● Dataset extract:
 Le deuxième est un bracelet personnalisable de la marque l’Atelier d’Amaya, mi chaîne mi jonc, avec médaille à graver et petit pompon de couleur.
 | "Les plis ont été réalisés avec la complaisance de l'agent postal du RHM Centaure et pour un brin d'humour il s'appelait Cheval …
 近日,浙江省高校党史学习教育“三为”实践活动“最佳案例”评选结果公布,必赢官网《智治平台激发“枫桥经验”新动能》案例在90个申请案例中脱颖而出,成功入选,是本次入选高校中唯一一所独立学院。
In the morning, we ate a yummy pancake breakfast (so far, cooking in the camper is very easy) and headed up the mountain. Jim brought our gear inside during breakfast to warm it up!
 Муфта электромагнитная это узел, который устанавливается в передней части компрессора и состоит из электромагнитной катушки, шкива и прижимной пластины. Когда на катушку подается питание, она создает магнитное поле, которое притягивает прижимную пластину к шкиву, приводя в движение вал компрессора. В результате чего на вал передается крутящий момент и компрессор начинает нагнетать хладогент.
* * *
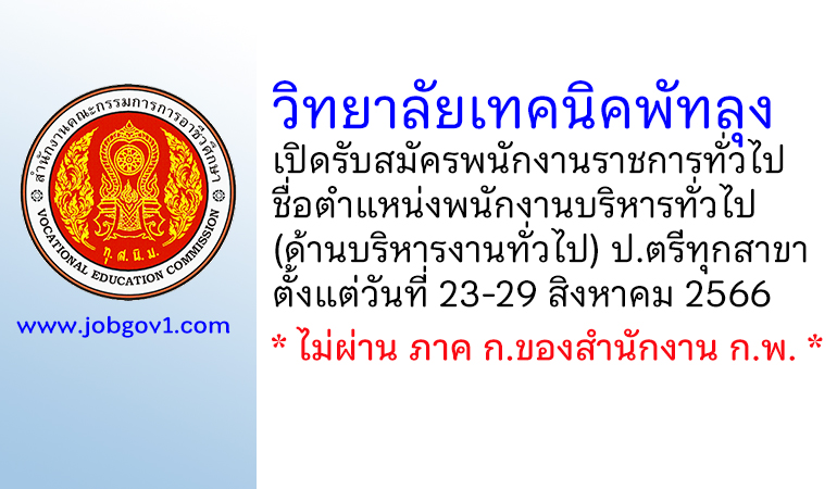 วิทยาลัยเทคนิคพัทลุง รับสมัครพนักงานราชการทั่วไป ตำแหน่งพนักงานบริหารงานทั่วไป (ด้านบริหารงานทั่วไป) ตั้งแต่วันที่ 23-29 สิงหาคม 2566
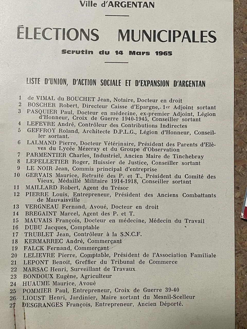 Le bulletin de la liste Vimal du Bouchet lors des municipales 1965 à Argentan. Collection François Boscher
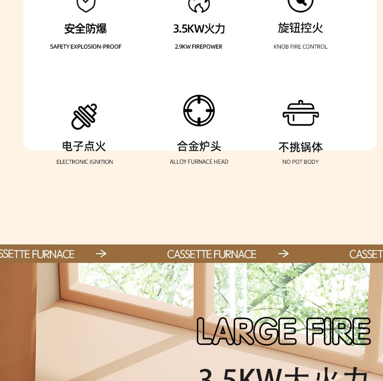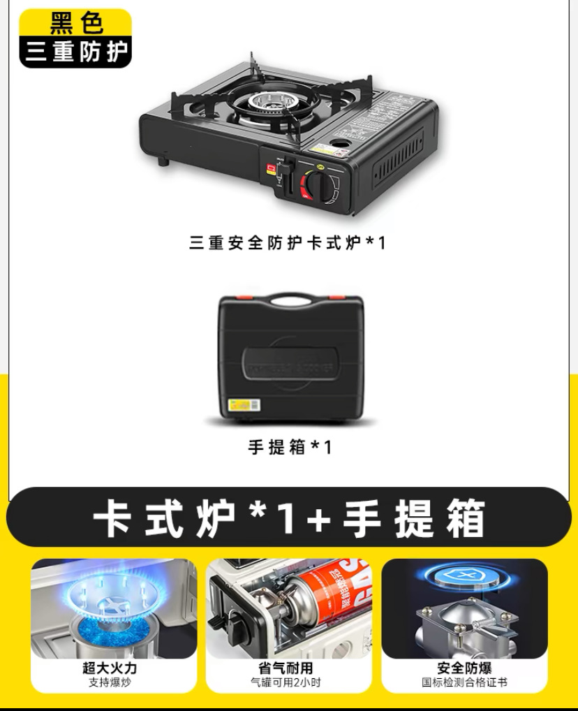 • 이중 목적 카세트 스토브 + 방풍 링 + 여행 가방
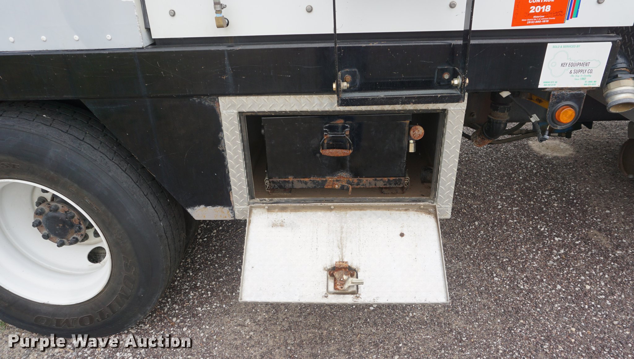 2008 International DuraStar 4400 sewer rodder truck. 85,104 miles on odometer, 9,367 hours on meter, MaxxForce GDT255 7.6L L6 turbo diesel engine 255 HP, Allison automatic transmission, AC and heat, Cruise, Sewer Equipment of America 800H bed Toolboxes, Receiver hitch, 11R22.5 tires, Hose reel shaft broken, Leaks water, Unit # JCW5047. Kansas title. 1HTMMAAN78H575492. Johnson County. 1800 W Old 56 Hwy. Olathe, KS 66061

● What you are asked to do: In the data above, start at the line that has "Le deuxième est", stop after the line that has "Муфта электромагнитная это", and print every line in between exactly as it stands.

● Exercise answer:
 Le deuxième est un bracelet personnalisable de la marque l’Atelier d’Amaya, mi chaîne mi jonc, avec médaille à graver et petit pompon de couleur.
 | "Les plis ont été réalisés avec la complaisance de l'agent postal du RHM Centaure et pour un brin d'humour il s'appelait Cheval …
 近日,浙江省高校党史学习教育“三为”实践活动“最佳案例”评选结果公布,必赢官网《智治平台激发“枫桥经验”新动能》案例在90个申请案例中脱颖而出,成功入选,是本次入选高校中唯一一所独立学院。
In the morning, we ate a yummy pancake breakfast (so far, cooking in the camper is very easy) and headed up the mountain. Jim brought our gear inside during breakfast to warm it up!
 Муфта электромагнитная это узел, который устанавливается в передней части компрессора и состоит из электромагнитной катушки, шкива и прижимной пластины. Когда на катушку подается питание, она создает магнитное поле, которое притягивает прижимную пластину к шкиву, приводя в движение вал компрессора. В результате чего на вал передается крутящий момент и компрессор начинает нагнетать хладогент.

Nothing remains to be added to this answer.